▶ _What to work on_
Pictures must not be copied, but every entry must be reproduced exactly.

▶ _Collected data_
···
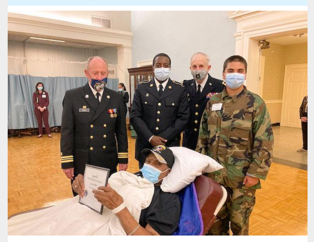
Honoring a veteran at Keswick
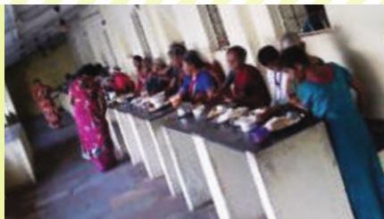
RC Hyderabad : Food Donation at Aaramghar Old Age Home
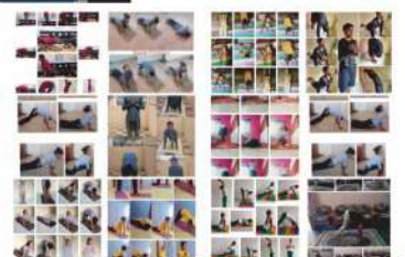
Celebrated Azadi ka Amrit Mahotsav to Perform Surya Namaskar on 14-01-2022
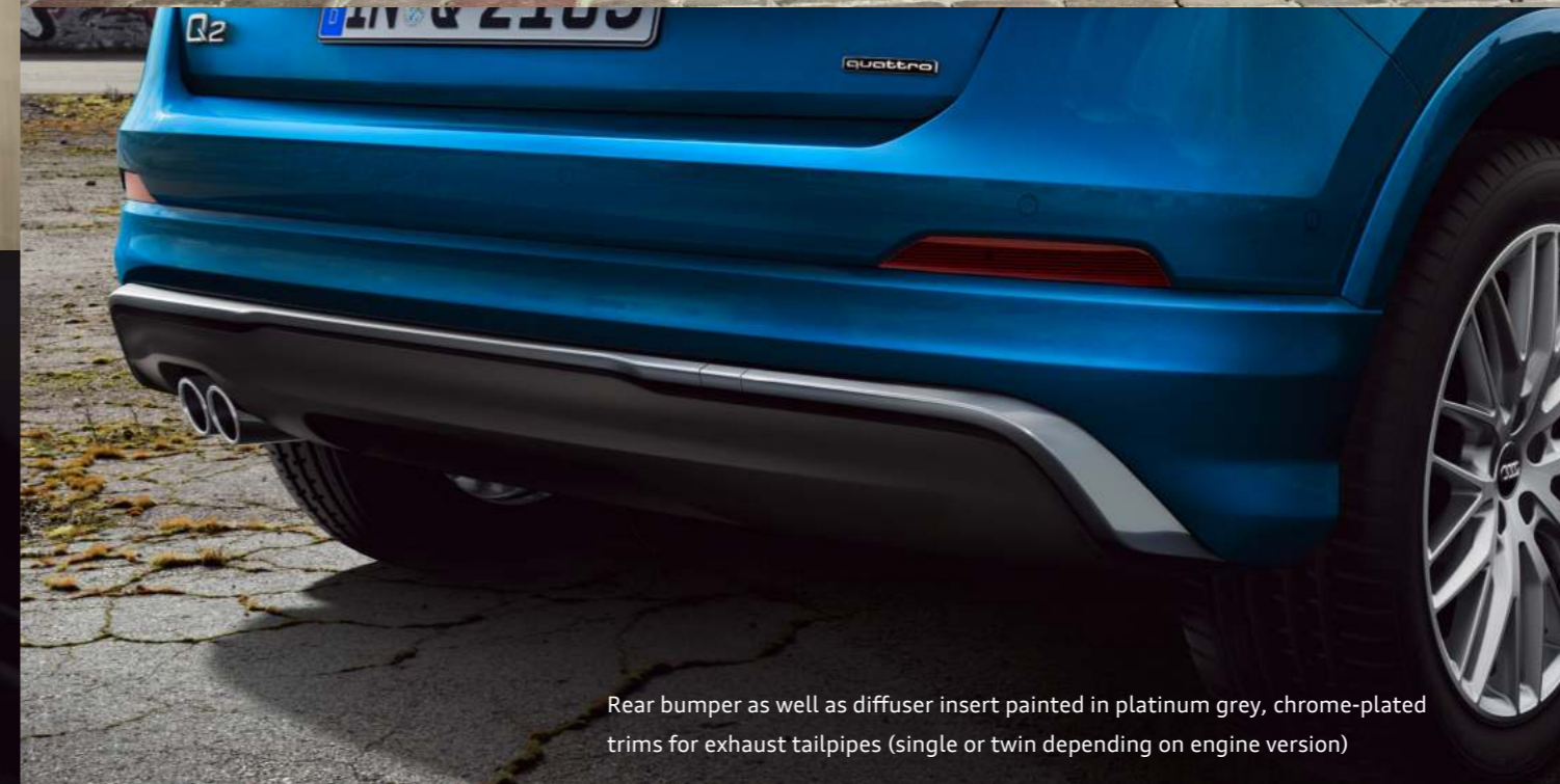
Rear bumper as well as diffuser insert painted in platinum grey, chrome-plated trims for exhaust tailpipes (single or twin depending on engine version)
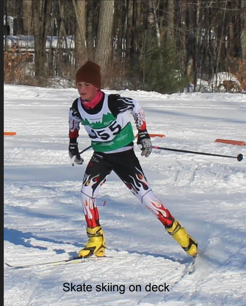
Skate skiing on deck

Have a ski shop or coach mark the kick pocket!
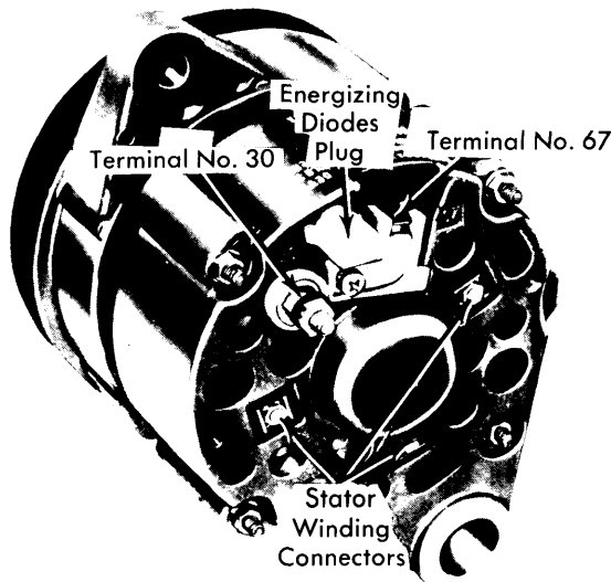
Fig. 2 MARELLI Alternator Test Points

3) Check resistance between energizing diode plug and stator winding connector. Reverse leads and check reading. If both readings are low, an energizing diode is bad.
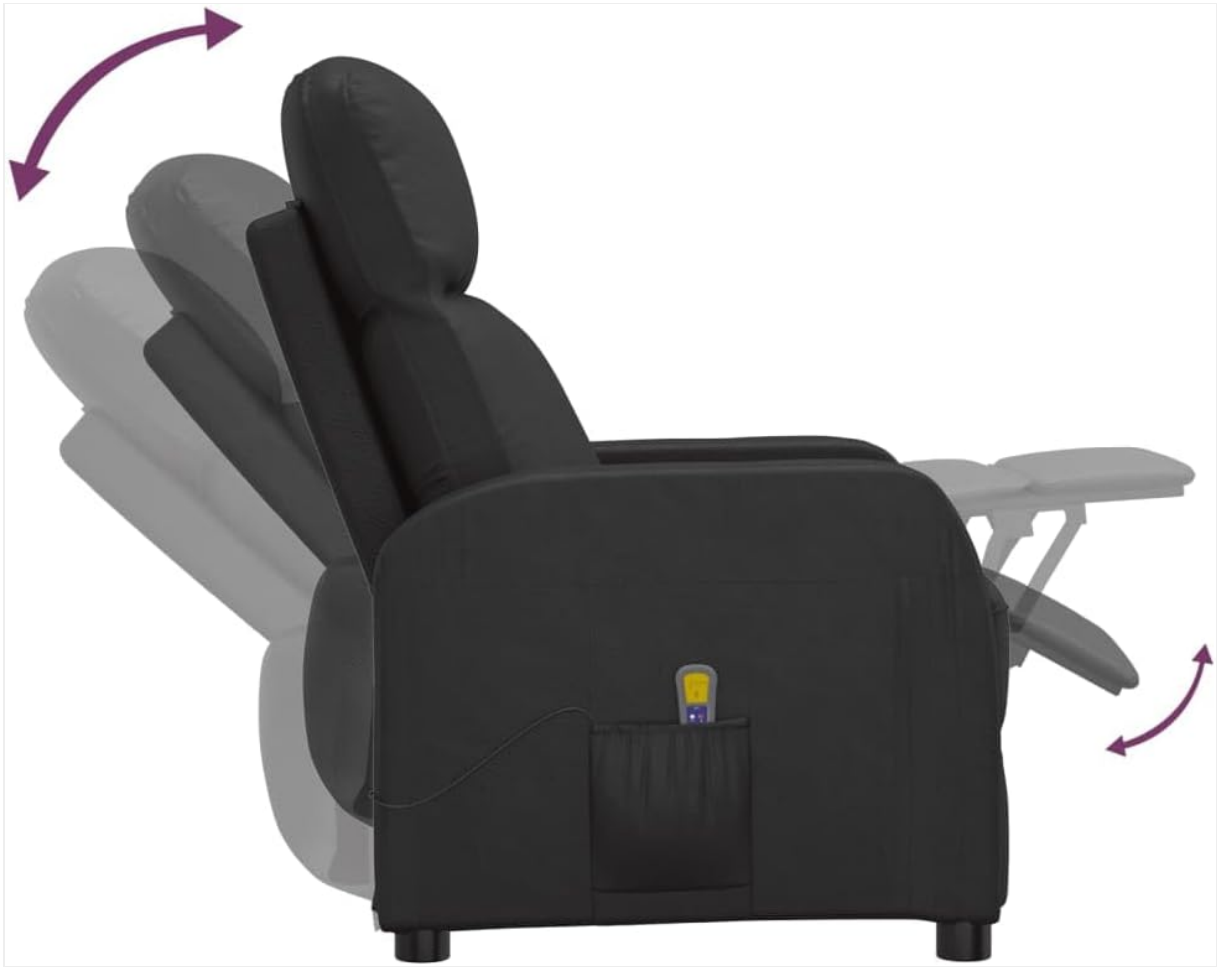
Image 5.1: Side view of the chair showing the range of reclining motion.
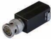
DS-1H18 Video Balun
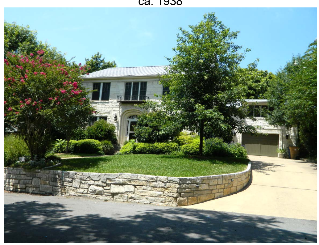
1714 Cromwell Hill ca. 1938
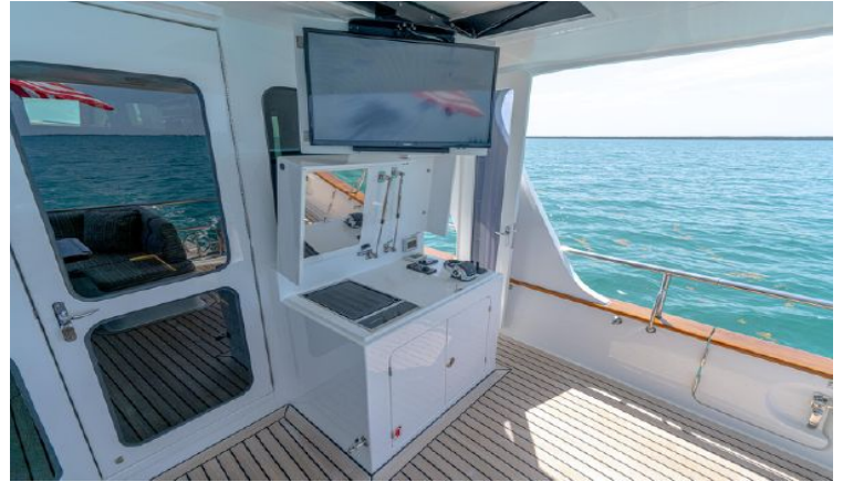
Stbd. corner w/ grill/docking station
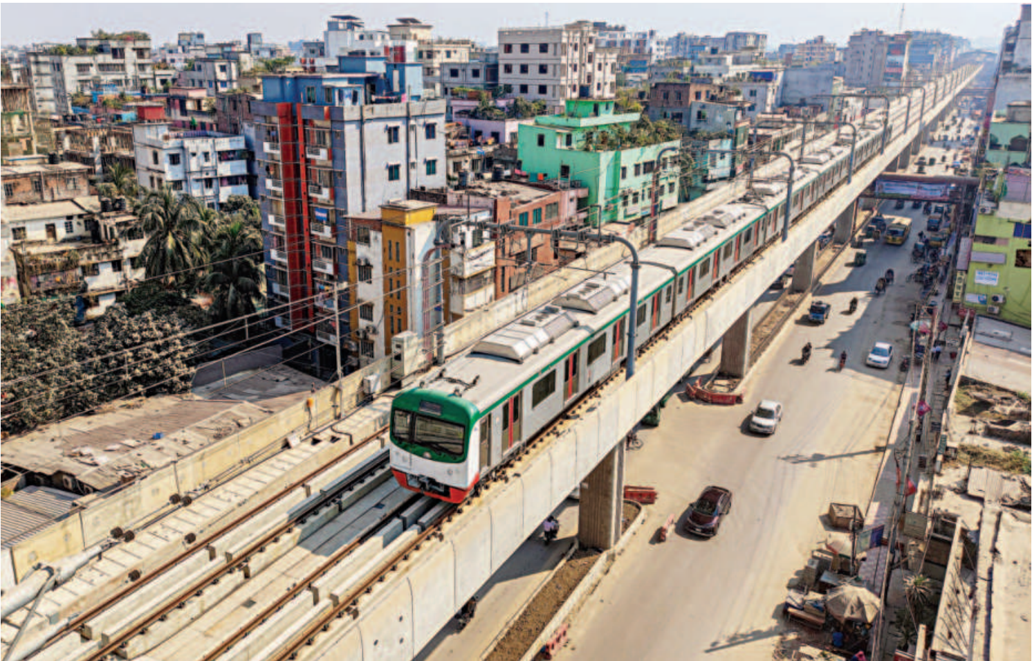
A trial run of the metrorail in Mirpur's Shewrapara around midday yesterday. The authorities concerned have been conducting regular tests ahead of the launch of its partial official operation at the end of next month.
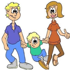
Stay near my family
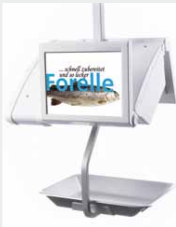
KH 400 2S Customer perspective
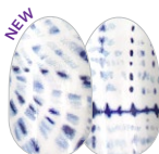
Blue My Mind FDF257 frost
···
▶ _Your solution_
Honoring a veteran at Keswick
RC Hyderabad : Food Donation at Aaramghar Old Age Home
Celebrated Azadi ka Amrit Mahotsav to Perform Surya Namaskar on 14-01-2022
Rear bumper as well as diffuser insert painted in platinum grey, chrome-plated trims for exhaust tailpipes (single or twin depending on engine version)
Skate skiing on deck

Have a ski shop or coach mark the kick pocket!
Fig. 2 MARELLI Alternator Test Points

3) Check resistance between energizing diode plug and stator winding connector. Reverse leads and check reading. If both readings are low, an energizing diode is bad.
Image 5.1: Side view of the chair showing the range of reclining motion.
DS-1H18 Video Balun
1714 Cromwell Hill ca. 1938
Stbd. corner w/ grill/docking station
A trial run of the metrorail in Mirpur's Shewrapara around midday yesterday. The authorities concerned have been conducting regular tests ahead of the launch of its partial official operation at the end of next month.
Stay near my family
KH 400 2S Customer perspective
Blue My Mind FDF257 frost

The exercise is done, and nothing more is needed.